The Institute for Mental and Physical Health and Clinical Translation Strategy Research Centre, Deakin University School of Medicine, Geelong, Australia.
School of Public Health and Preventive Medicine, Monash University, Melbourne, Australia.
JAMA Psychiatry. 2020 Oct 1;77(10):1012-1020. doi: 10.1001/jamapsychiatry.2020.1214.
Depression is associated with increased inflammation, which may precede its onset, especially in older people. Some preclinical data suggest potential antidepressant effects of aspirin, supported by limited observational data suggesting lower rates of depression in individuals treated with aspirin. There currently appears to be no evidence-based pharmacotherapies for the primary prevention of depression.
To determine whether low-dose aspirin (100 mg) reduces the risk of depression in healthy older adults.
DESIGN, SETTING, AND PARTICIPANTS: This double-blinded, placebo-controlled randomized clinical trial was a substudy of the Aspirin in Reducing Events in the Elderly (ASPREE) trial, which examined if aspirin increased healthy life span, defined as survival free of dementia and disability. The prespecified secondary outcome was depression. Individuals of all races/ethnicities older than 70 years in Australia, as well as white individuals older than 70 years and black and Hispanic individuals older than 65 years in the United States, were included.
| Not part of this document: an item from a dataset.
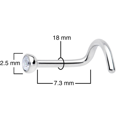 Don't let your nostril piercing get screwed up by inferior jewelry - grab one of these 18 gauge nostril rings instead! It features a 7mm length at the bend post and is made with solid Grade 23 implant grade titanium. This subtle but stylish nose ring features a 2.5mm clear press fit gem end for a look that's fashionable but not over the top. It is designed for a left side nostril piercing and has a curving design that makes for comfortable wear and easy insertion. Comfortable, colorful, and quality - it's everything you could want for your nostril piercing in one petite package!Specifications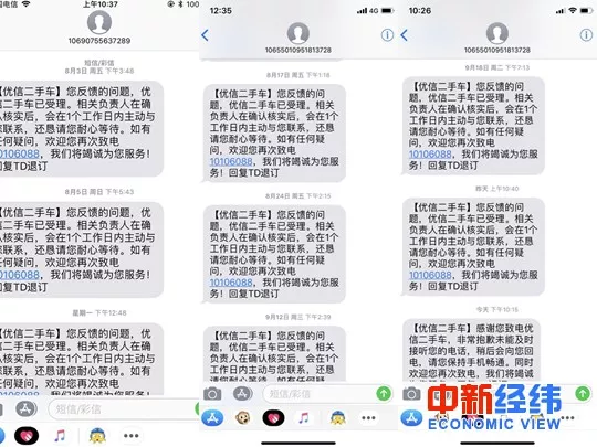 “您反馈的问题,优信二手车已受理。在确认核实后,会在1个工作日内主动与您联系。”唐女士无奈地向中新经纬表示,类似的短信她已经收到上百条了,但优信方面并没有工作人员出面解决问题。与此同时,因唐女士表示要拒绝再为这辆车还贷款,唐女士家人接到的催债骚扰电话也越来越多了。

Participants were randomized to aspirin (100 mg daily) or placebo, with a median (interquartile range) follow-up of 4.7 (3.5-5.6) years.
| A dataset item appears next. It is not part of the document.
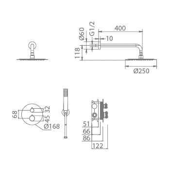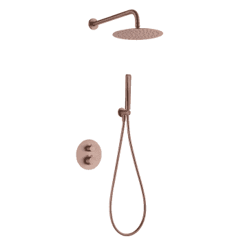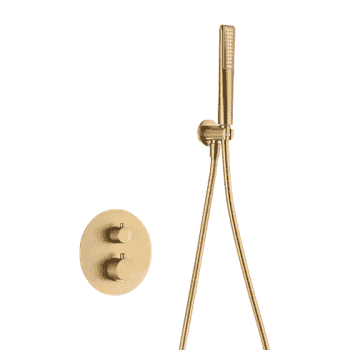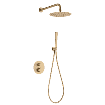 Brazo de ducha de techo integro en latón con embellecedores latón.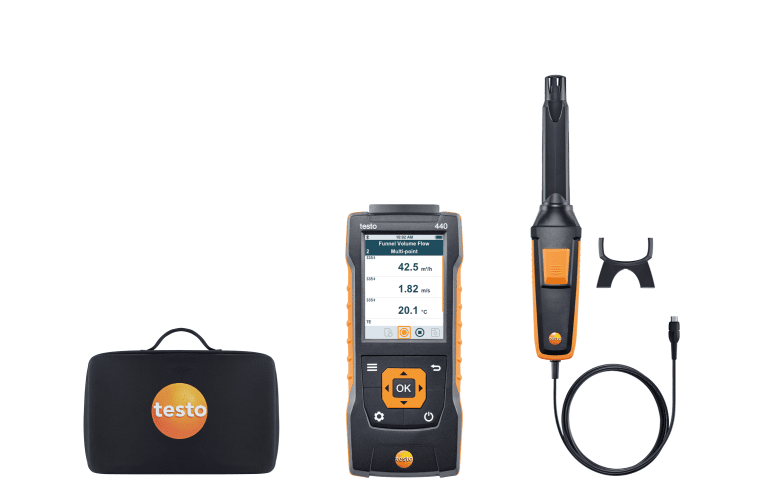 - testo 440 多参数,多元化配置, 多形态测量的仪器, 内置的标准测量程序可提供直观的测量操作,数据完整,适用于不同规格的通风空调系统检测及不同需求的室内空气质量,舒适度评估。

The primary outcome was a proxy measure of major depressive disorder defined as a score of 8 or more on the Center for Epidemiologic Studies Depression 10-item (CES-D-10) scale.
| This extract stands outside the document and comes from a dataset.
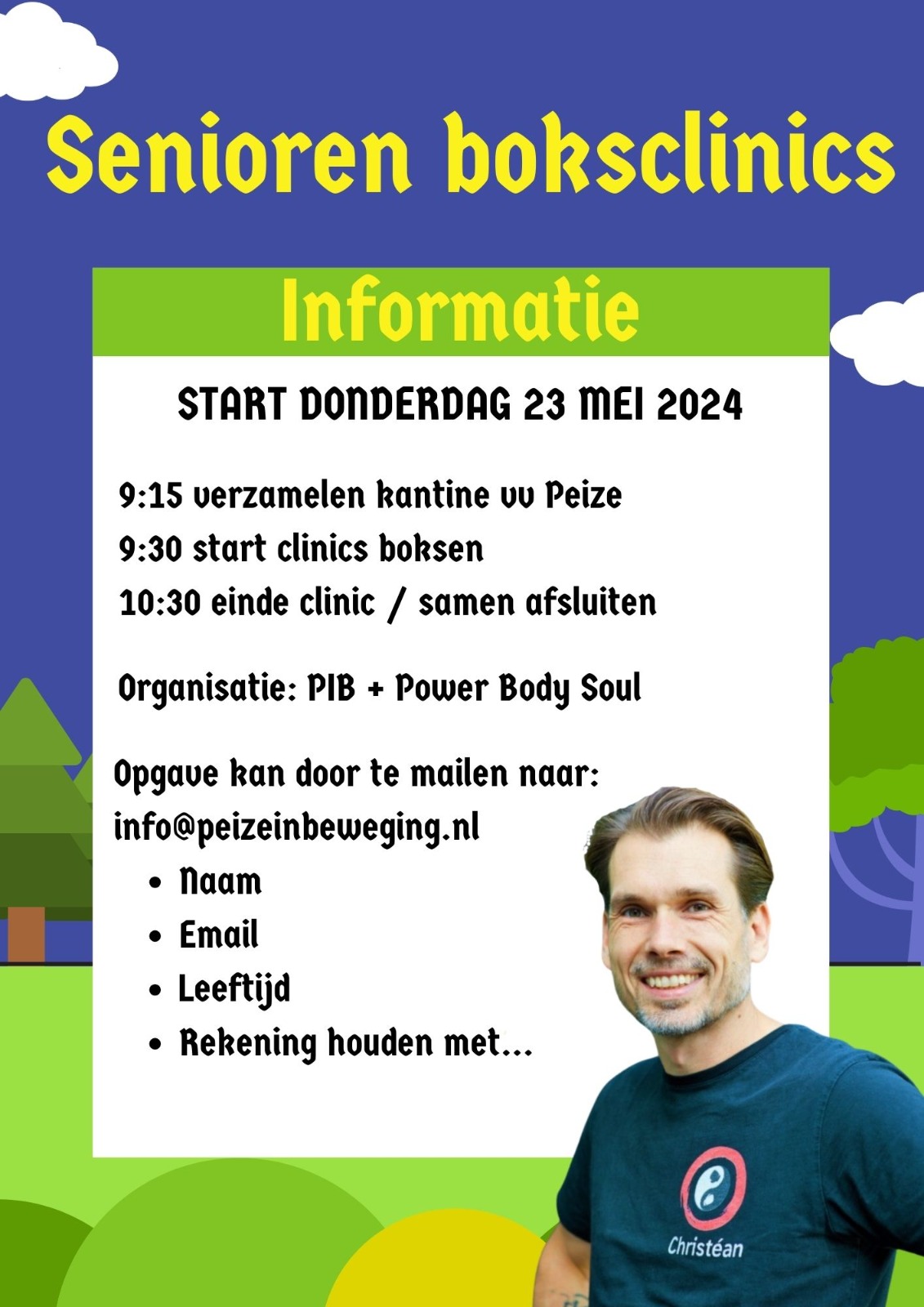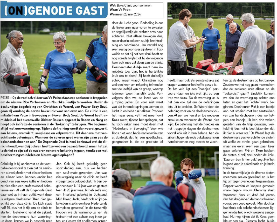 𝗦𝗲𝗻𝗶𝗼𝗿𝗲𝗻 𝗯𝗼𝗸𝘀𝗰𝗹𝗶𝗻𝗶𝗰𝘀 𝗶𝗻 𝗣𝗲𝗶𝘇𝗲 Na de geslaagde beweegochtend voor ouderen, onlangs georganiseerd door Herwin Gritter, gaan we verder met een vervolg hierop. In samenwerking met de Gemeente Noordenveld en Power Body Soul Christéan De Weerd gaan wij 5 boks clinics aanbieden voor de senioren doelgroep! Bekijk de poster en schrijf je in door te mailen … Read more

Of the 19 114 participants enrolled in the trial, 9525 received aspirin and 9589 received a placebo. The mean (SD) age was 75.2 (4.0) years in the aspirin group and 75.1 (4.5) years in the placebo group; 9531 (56.4%) were women. Participants' demographics and clinical characteristics at baseline were similar between groups. A total of 79 886 annual CES-D-10 measurements were taken, with a mean of 4.2 measurements per participant. There were no significant differences at annual visits in the proportions of CES-D-10 scores of 8 or more between the aspirin and placebo groups. The incidence rate of new CES-D-10 scores of 8 or more was 70.4 events per 1000 person-years in the aspirin group and 69.1 in the placebo group (hazard ratio, 1.02 [95% CI, 0.96-1.08]; P = .54).
Low-dose aspirin did not prevent depression in this large-scale study of otherwise healthy older adults.
ClinicalTrials.gov Identifier: NCT01038583.
抑郁与炎症增加有关,炎症可能先于抑郁发作,尤其是在老年人中。一些临床前数据表明阿司匹林具有潜在的抗抑郁作用,有限的观察性数据也表明,接受阿司匹林治疗的个体中抑郁的发生率较低。目前似乎没有针对抑郁的预防的基于证据的药物治疗。
确定低剂量阿司匹林(100mg)是否可以降低健康老年人患抑郁症的风险。
设计、设置和参与者:这是一项双盲、安慰剂对照随机临床试验,是阿司匹林减少老年人事件(ASPREE)试验的子研究,该试验旨在检查阿司匹林是否能延长健康寿命,即无痴呆和残疾的生存。预先规定的次要结局是抑郁。澳大利亚所有种族/民族的 70 岁以上人群,以及美国的 70 岁以上白种人、65 岁以上黑人和西班牙裔人群都被纳入研究。
参与者被随机分配至阿司匹林(每日 100mg)或安慰剂组,中位(四分位距)随访时间为 4.7(3.5-5.6)年。
主要结局是使用流行病学研究中心抑郁量表 10 项(CES-D-10)的评分 8 分或以上来衡量的主要抑郁障碍的替代指标。
在这项试验中,共有 19114 名参与者,其中 9525 名接受了阿司匹林治疗,9589 名接受了安慰剂治疗。阿司匹林组的平均(SD)年龄为 75.2(4.0)岁,安慰剂组为 75.1(4.5)岁;9531 名(56.4%)为女性。两组参与者的基线人口统计学和临床特征相似。共进行了 79886 次年度 CES-D-10 测量,平均每位参与者进行 4.2 次测量。在每年的就诊中,阿司匹林组和安慰剂组的 CES-D-10 评分达到 8 分或以上的比例没有显著差异。阿司匹林组新出现 CES-D-10 评分达到 8 分或以上的发生率为 70.4 例/1000人年,安慰剂组为 69.1 例/1000 人年(风险比,1.02[95%CI,0.96-1.08];P=0.54)。
在这项对其他健康老年人进行的大规模研究中,低剂量阿司匹林并未预防抑郁。
ClinicalTrials.gov 标识符:NCT01038583。